You have provided an edge of fight and skill which has required every member of Vaughan's team to dredge from deep inside himself the best of his talent and character. This has enabled England to match, and so often outplay your team, which carried such awe when you arrived, and in the last act it could be they will finally go beyond the demands placed upon them so magnificently.

This is not what you had planned for your last sweep through the Old Country. You imagined you would be trailing glory yet again. But then, of all people, Shane, you know better than most that, on and off the field, life has a tendency to pop up with a kick in the groin. The most important thing, as you have proved this summer, is to remember what you have achieved in the past, who you are, what you are, and then maybe what you can do today.

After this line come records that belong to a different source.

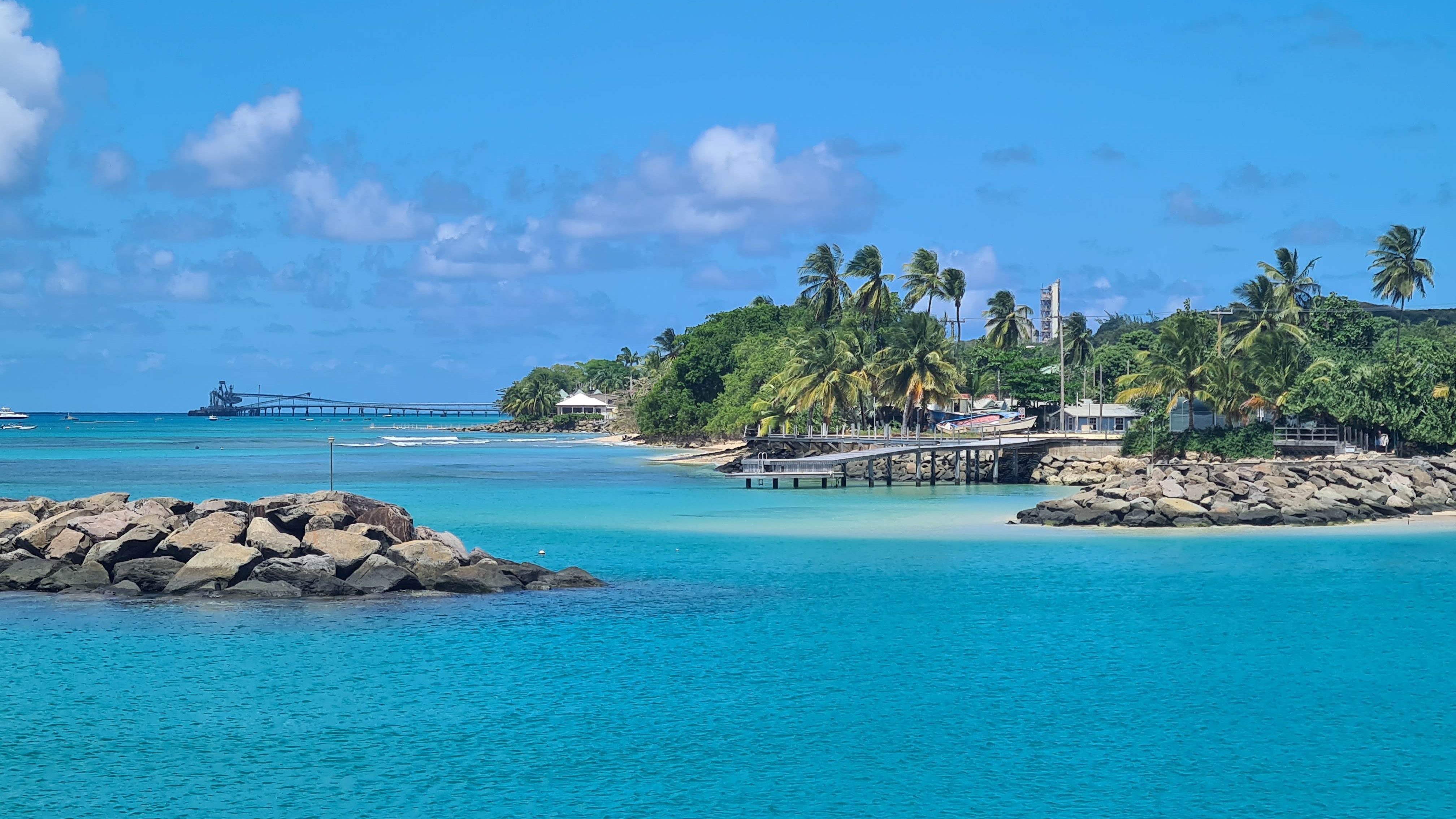 Située à une cinquantaine de milles à l’Est de l’arc antillais donc au vent, elle est un peu à part. Il faut s’y arrêter sur le chemin Est-Ouest sinon il faut lutter contre les alizés et la houle de l’Atlantique pour l’atteindre. Elle ne fut pas découvert par Christophe Colomb mais plus tard par un Portugais, D’autre part du fait de sa situation, les péripéties historiques subies par les autres îles qui sont passées des mains des Anglais, au Français, ou aux Espagnols, sans oublier les Néerlandais, ne l’ont pas affectée. Elle a été longtemps sous seule domination anglaise avant son indépendance. Cette histoire finalement assez calme a contribué à sa prospérité. Prospérité, comme ailleurs dans l’arc antillais, acquise par l’exploitation de la canne à sucre, grâce à la main œuvre gratuite de l’esclavage. Avec le tourisme, la canne à sucre reste sa principale ressource, mais tout le monde bénéficie aujourd’hui des bienfaits de cette île riche et relativement peuplée.
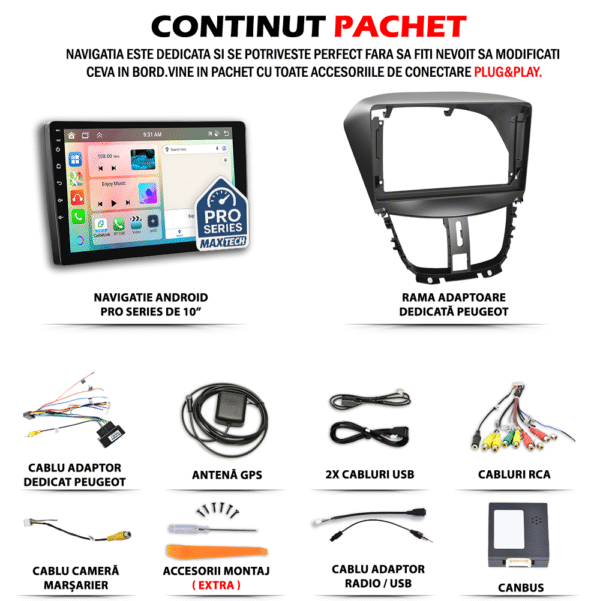 Navigatie Peugeot 207 (2009-2013) dedicata, MaxTech® PRO SERIES, 4 GB Ram 64 GB Rom OctaCore, Carplay & Android auto, Ecran 10 ” HD Touch, GPS, Wifi, Bluetooth, Radio, USB, EQ, Waze
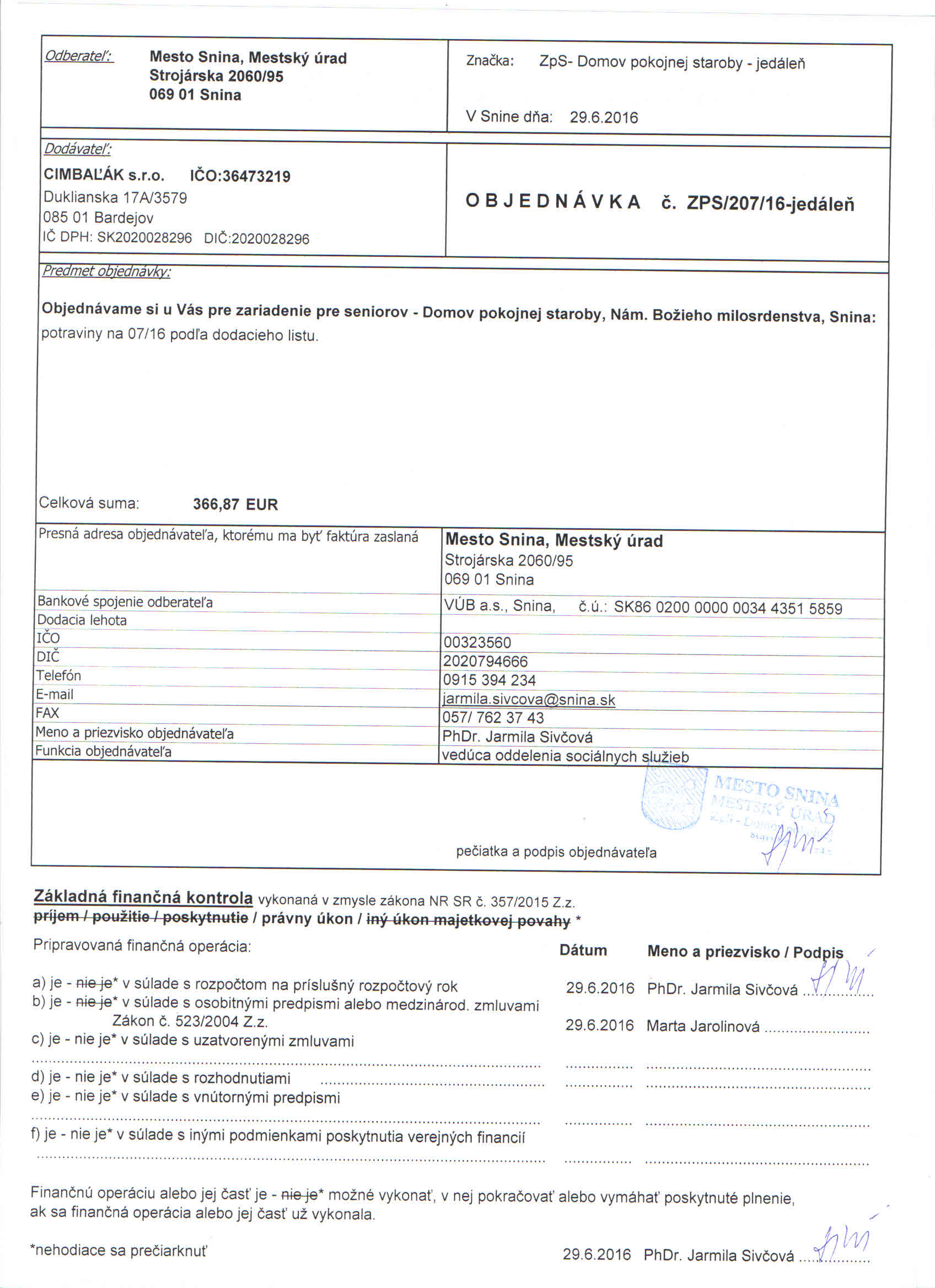 Detail objednávkyč.: ZPS/207/16-jedáleň
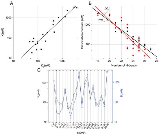 Linear approximation of the dependences of these constants on the number of H-bonds in semi-logarithmic coordinates gives the following equations—H-bonds =7.7 − 0.228 × KD, with adjusted R2 = 0.75, and H-bonds = 8.9 − 0.28 × KI, with adjusted R2 = 0.76, respectively (Figure 5B). Thus, both dissociation constants tend to increase as the number of H-bonds increases. The correlation is not absolute and this fact can be explained by the nearest-neighbor effect [27], which consists of the influence of neighboring nucleotides on the formation of nucleotide pairs in DNA duplexes. It was noted in [28] that this effect is especially pronounced for sequences with a length of fewer than 12 nucleotides. Of all the characterized ssDNAs, the maximum degree of difference in KD and KI was observed for ssDNAs {28–26} and {16–24} with 23 H-bonds each, amounting to 11 and 16 times, respectively. The following data demonstrate a comparison of the aptamer–ssDNA dissociation constants with the aptamer–OTA one.
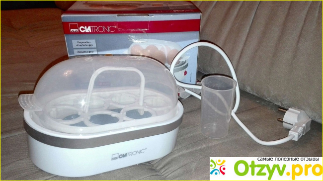 Для примера взяла известную торговую марку Clatronic EK 3497, я расскажу обо всех его технических характеристиках, плюсах и минусах, преимуществах над аналогичными электронными яйцеварками от других производителей.
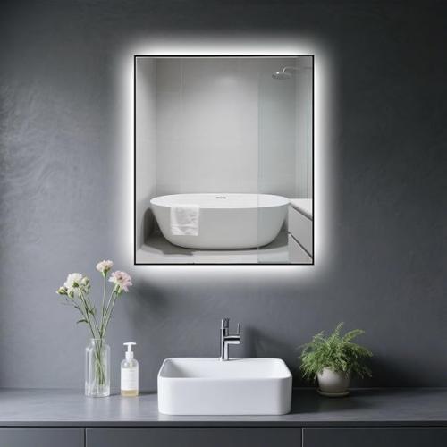 Ongebruikt, getest en werkend, ok, LaapDak Led-badkamerspiegel met verlichting, 60 x 70 cm, wandspiegel voor badkamer, IP54 waterdicht, koudwit, 6500 K, rechthoekig, spaarlichtspiegel,B0DK9F9N58

One of the less significant disappointments of the summer was that you were one wicket short of getting the "fiver" bowling statistic that would have put up on the Lord's honours board. You shouldn't worry about that, Shane. Your name is etched immovably in a rather more important place - the heart and the respect of an entire nation.

Yours, can I say, affectionately,

James Lawton

PS The flowers are on their way but in the circumstances I quite understand if you decide to put them through security.

Over and out: Other Aussies at the exit

GLENN McGRATH

The miserly paceman will be 39 the next time Australia contest the Ashes in England and will surely have hung up his bowling boots by then.

JASON GILLESPIE

The 30-year-old fast bowler has mislaid his zip on this tour and may not play for Australia again, let alone on these shores.

MATT HAYDEN

The 33-year-old opener has struggled for form over the last year and is nearing the end.

RICHIE BENAUD

Australia's former captain has been commentating in England - on BBC then Channel 4 - for over 40 years. With coverage passing to Sky, The Oval will be his final stint in this country.